Lab Guide: Configuring NVIDIA GPU Time-Slicing on OpenShift

This lab guide uses the NVIDIA GPU Operator on OpenShift and demonstrates the configuration needed to enable GPU time-slicing. This approach improves GPU utilization by allowing multiple workloads to share a single GPU.

The final configuration will use time-slicing because the NVIDIA A10G Tensor Core GPU, which is part of the provisioned Amazon EC2 G5 Instance, does not support Multi-Instance GPU (MIG).

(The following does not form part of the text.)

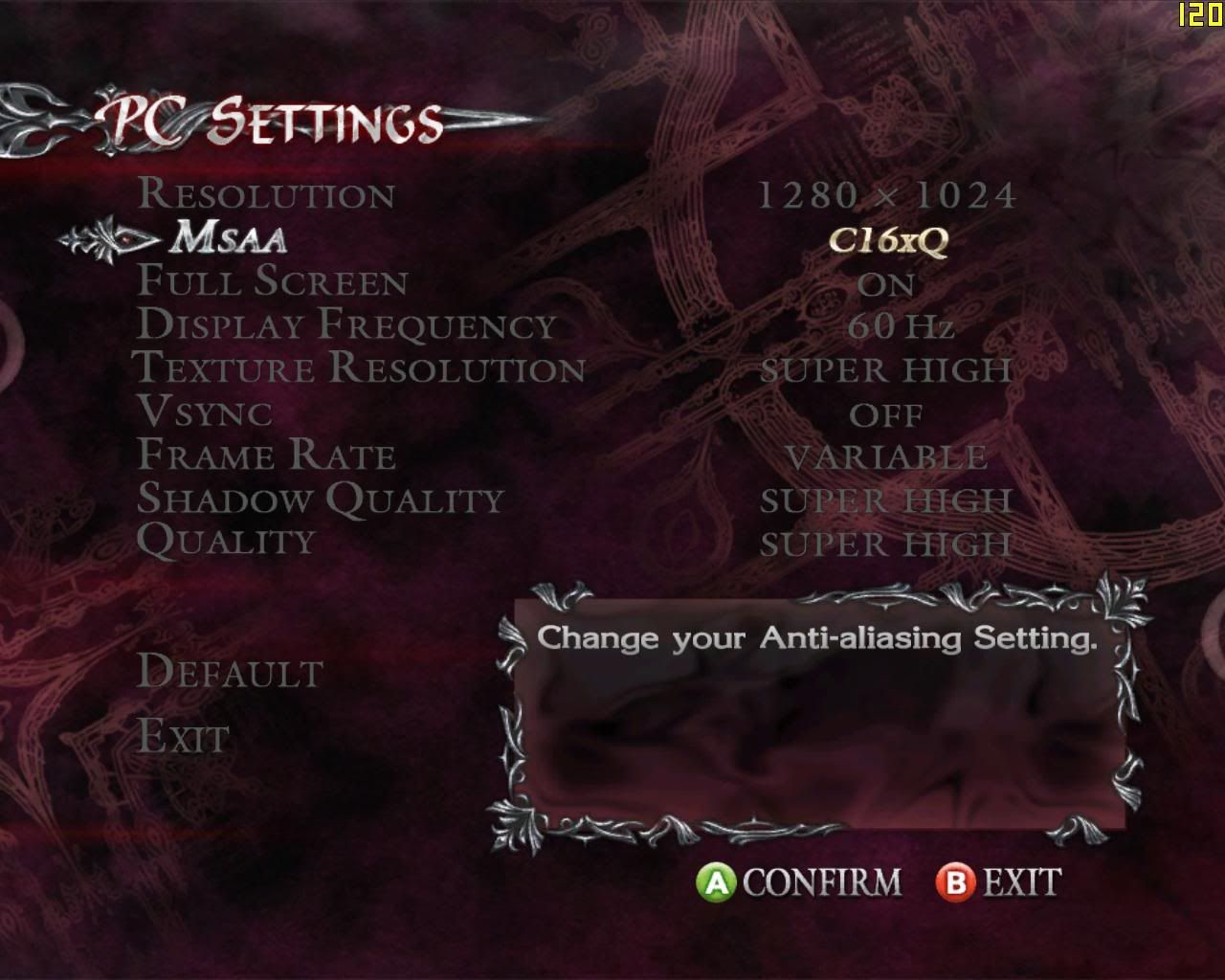 原帖由 502 于 2008-6-9 03:01 发表 1650GT 1024x1280 noaa 特效全高,都可以比较流畅,这游戏做得算厚道... 去弄个补丁没时间限制,火麒麟可以慢慢弄,很多东西可以补hp~~ 第一次玩鬼泣系列,觉得主角太做作....

However, as MIG plays a crucial role in production environments, this guide also includes a theoretical section explaining how a MIG configuration would be implemented.

In this lab, each worker node will be provisioned with a single NVIDIA A10G Tensor Core GPU. The created time slices will then be used to simulate a scenario of fair resource sharing with Kueue.

Time-Slicing vs. MIG for Model Serving

NVIDIA time-slicing is a valuable strategy for serving models when you need to maximize GPU utilization on non-MIG capable hardware, have mixed or bursty workloads, and prioritize cost efficiency in a trusted environment. For newer GPUs and scenarios demanding strong performance isolation and predictable resource allocation, NVIDIA MIG is the preferred choice.

1. Introduction

Installing the NVIDIA GPU Operator on OpenShift is a prerequisite for utilizing NVIDIA GPUs. The operator’s installation relies on the Node Feature Discovery (NFD) Operator, which must be installed first. The NFD Operator inspects node hardware and applies labels that the NVIDIA GPU Operator uses to identify and configure GPU-enabled nodes correctly.

2. Prerequisites

  1. OpenShift AI Operator: Ensure the OpenShift AI Operator is installed on your cluster.

  2. GPU Worker Node: You need at least one worker node with an NVIDIA A10G GPU. On AWS, a g5.2xlarge instance is suitable.

  3. GPU Node Taint: The GPU node must be tainted to ensure only GPU-tolerant workloads are scheduled on it.

To check the current taints on your GPU nodes, use the following commands:

oc get nodes --selector=nvidia.com/gpu.present=true
oc describe node *<your-gpu-node-name>* | grep "Taints:"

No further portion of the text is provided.